Interview
04
Teruyuki Komatsu
小松 晃之
中央大学理工学部応用化学科教授
東京都出身。1966年生まれ。
1994年早稲田大学大学院理工学研究科博士課程修了。博士(工学)。
1993年日本学術振興会特別研究員。
1995年日本学術振興会海外特別研究員(ベルリン自由大学、有機化学研究所)。
1997年早稲田大学理工学総合研究センター(現:早稲田大学理工学術院総合研究所・理工学研究所)講師、准教授。
2006年科学技術振興機構さきがけ研究員(兼任)を経て、2010年より現職。
記念すべき1回目は、「人工血液」研究の第一人者である中央大学理工学部 小松晃之 教授です。学生時代に熱中したことや、宇宙への思い、そして現在の研究活動について語って頂きました。
また、インタビュー記事をより楽しく読んでいただくために、「人工血液」に関する予備知識を載せたコラムを用意しています。
学生時代
今日は、どうぞ宜しくお願い致します。
現在、人工血液の研究をされている小松先生ですが、そもそも理系に進もうと思ったきっかけがあったのですか?

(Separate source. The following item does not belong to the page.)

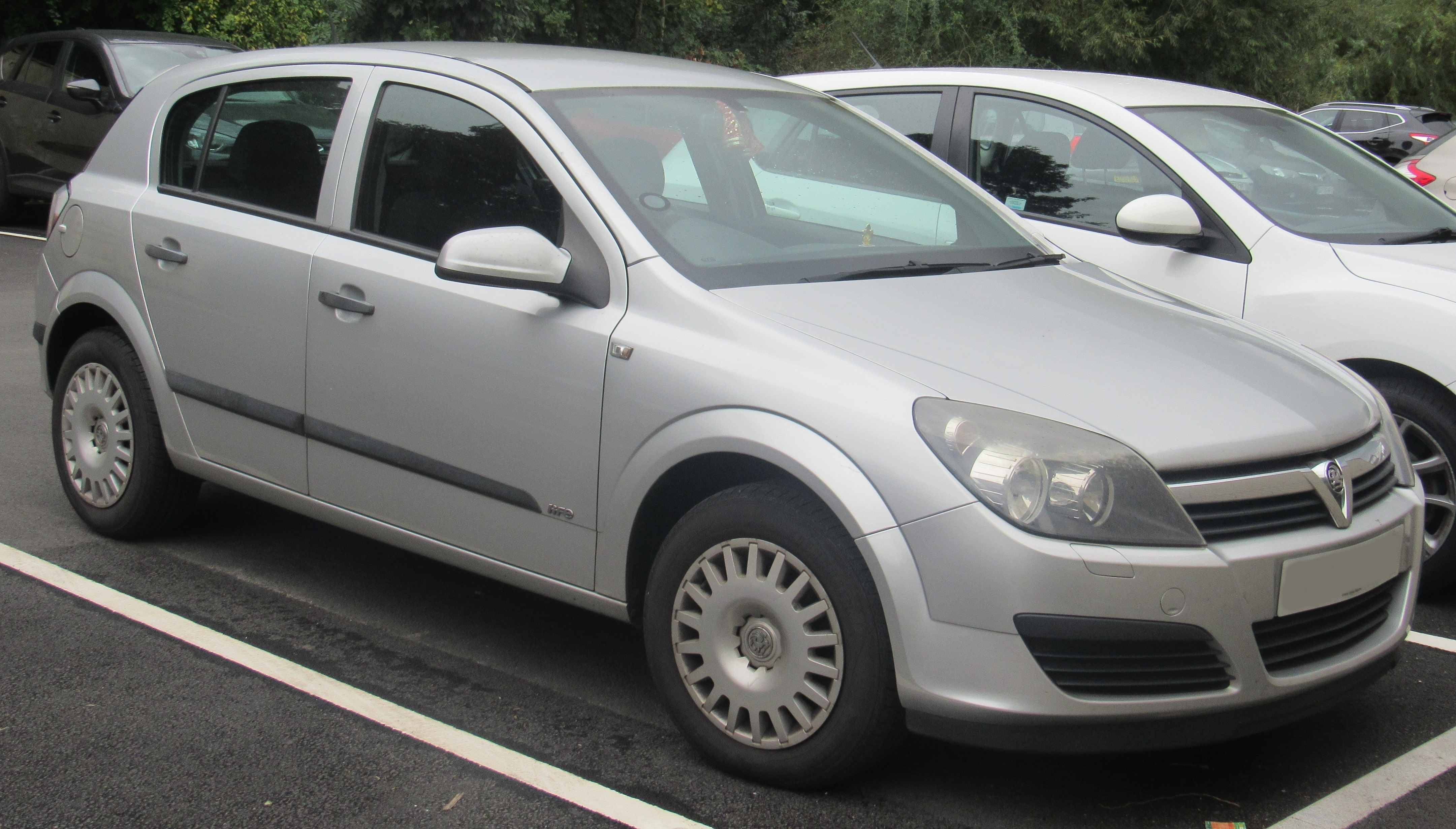 2006 Vauxhall Astra Life CDTi 90 1.2 Front Taken in Leamington Spa

特に何かのきっかけがあったわけではありませんが、小学生の頃から漠然と科学には興味がありましたね。「何で眠くなるんだろう」、「生きてるってどういうことなんだろう」とか、「地図を最初に作った人はどうやって作ったんだろう」とか、いろいろと疑問に思っていました。あとは、小さい頃、ぶどうが好きだったんですが、「こんなに美味しいんだから、メロンくらいの大きさのものを作ったら絶対売れるはずだ!」と考えたこともありました。今でもたまに話題にすることがありますが、誰も相手にしてくれません(笑)そんな子供だったので、高校で文系か理系か選択するときも特に悩むこともなく、自然な流れで理系に進みました。

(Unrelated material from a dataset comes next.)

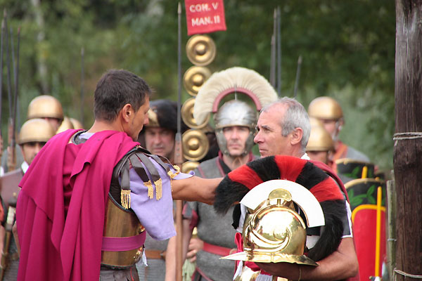 Départ d'un détachement de la Vème légion Alauda, période Guerre des Gaules
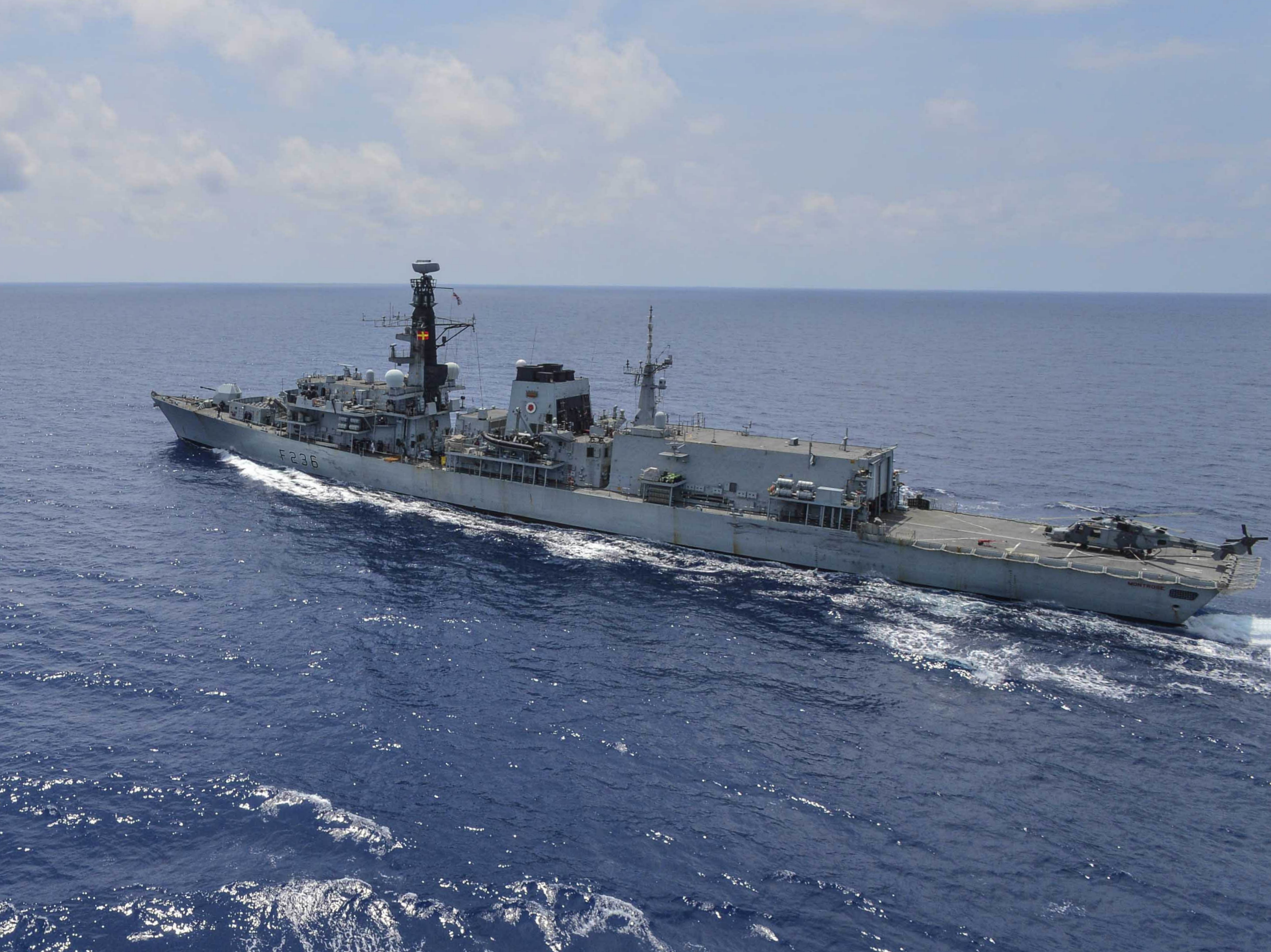 The Royal Navy Duke-class frigate HMS Montrose (F236) underway in the Gulf of Thailand on 18 February 2019.

中学生の頃に天文学者に憧れていたことがあります。それで天文学者になるためには、まず星の観察だと思い、父親にお願いして望遠鏡を買ってもらいました。その望遠鏡を持ちだして、月のクレータを見たり、星座を観察したりしていました。ですから、もともと宇宙には興味があったのですが、星や宇宙に関わる職業にはどのようなものがあるのかよくわからなかったので、調べてみたことがあるんです。当時はインターネットなどない時代でしたから、調べるのにも一苦労です。結局どんな仕事があるのかわからず、宇宙の分野で生きていくのは難しいなぁと思って断念しました(笑)。
宇宙にも興味を持ってもらえていたんですね。
社会よりも理科のほうが好きでしたか?
そうですね。でも歴史も好きでした。大学の授業で化学史を教えていたこともあります。歴史といえば、博士の学位を取った後に、2年間ドイツに留学していたんですが、その時わかったのは、外国人は国の歴史をよく知っているということです。当然こちらのことも聞かれるわけで、日本の歴史を知らないと会話にならないんですね。だから、わざわざ日本から日本史の本を取り寄せて復習しました。

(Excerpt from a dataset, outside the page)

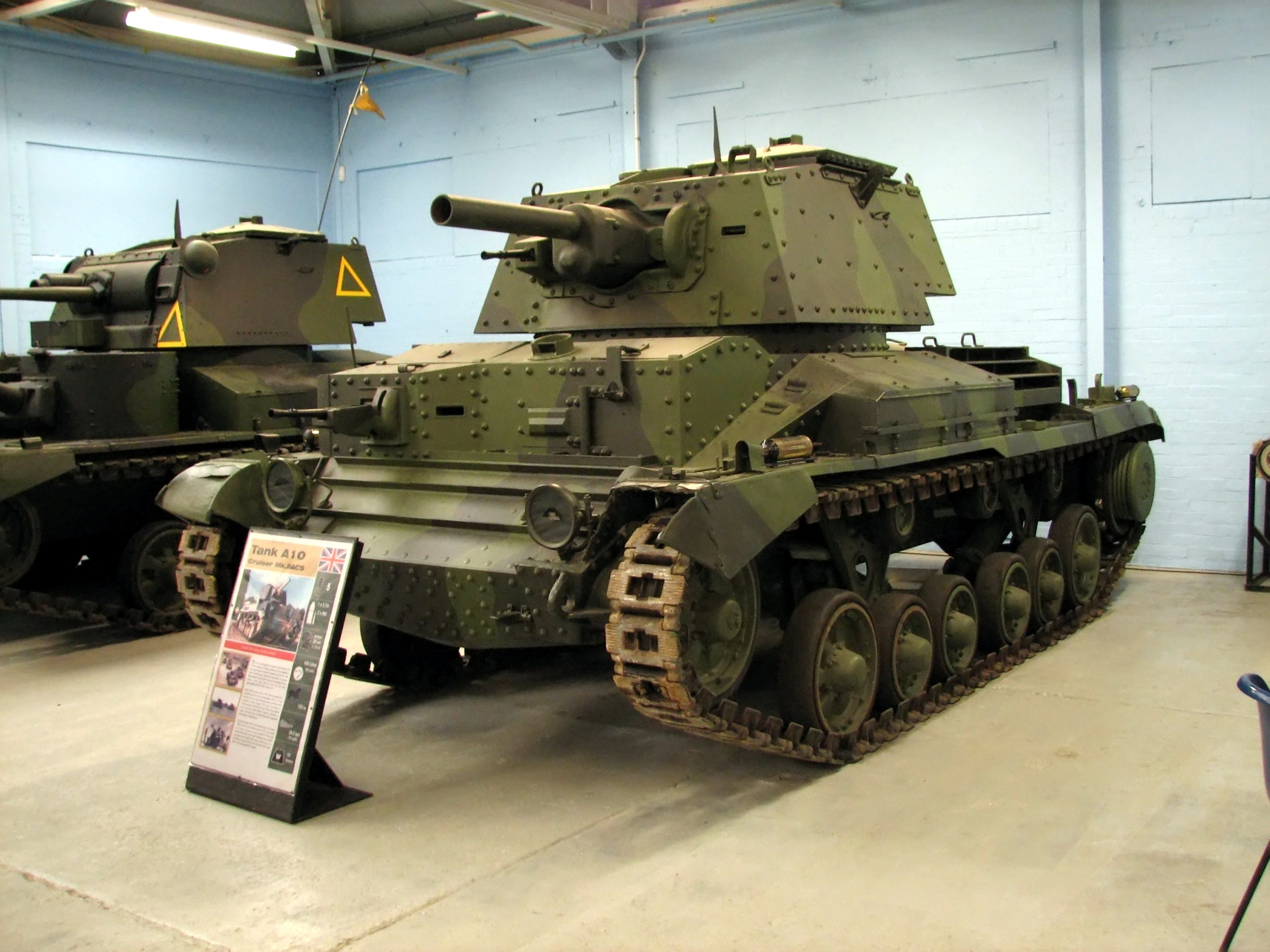 British Cruiser Tank MkIIA CS (close support) / A10 MkIA CS at Bovington Tank Museum
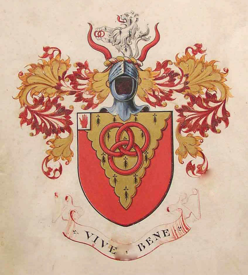 Mander coat of arms, full armorial achievement

なるほど。科学を志すものでも、歴史について知っておくことは大事なんですね。
その他に、学生生活で覚えていることはありますか?
中学・高校と軟式テニス部に所属していたので、部活動をやっていたことしか覚えていません(笑)。毎日毎日、部活三昧の日々でした。
そうですか。部活少年だったんですね。
そうです。ただ、今思えば何かに夢中になると止まらなくなる性格でした。ちょっと自慢話をさせて頂くと、テニスでは東京都ベスト8まで行きましたし、全国大会にも出場することができました。
東京のようにテニス人口が多いところで、それはすごいですね!
まさに文武両道ですね。
夢中になるというのもそうですが、わりと凝り性で、続けることが得意な子供だったのかもしれません。小さい頃、プラモデルの作成に夢中になっているところに、母親から「早くご飯を食べなさい」と言われても、夢中で作業しているので聞いていないんですね。いつまでたっても終わらず、よく怒られていました(笑)
研究生活
早稲田大学に在学中、(故)土田英俊先生(早稲田大学名誉教授。日本の人工血液研究のパイオニアで、世界的な権威。日本血液代替物学会の設立者)という高分子研究の分野で著名な先生がおられました。土田先生は1970年代から人工血液の研究を始めておられたのですが、4年生のときに卒研生として土田先生の研究室に配属されたのが、人工血液との出会いでした。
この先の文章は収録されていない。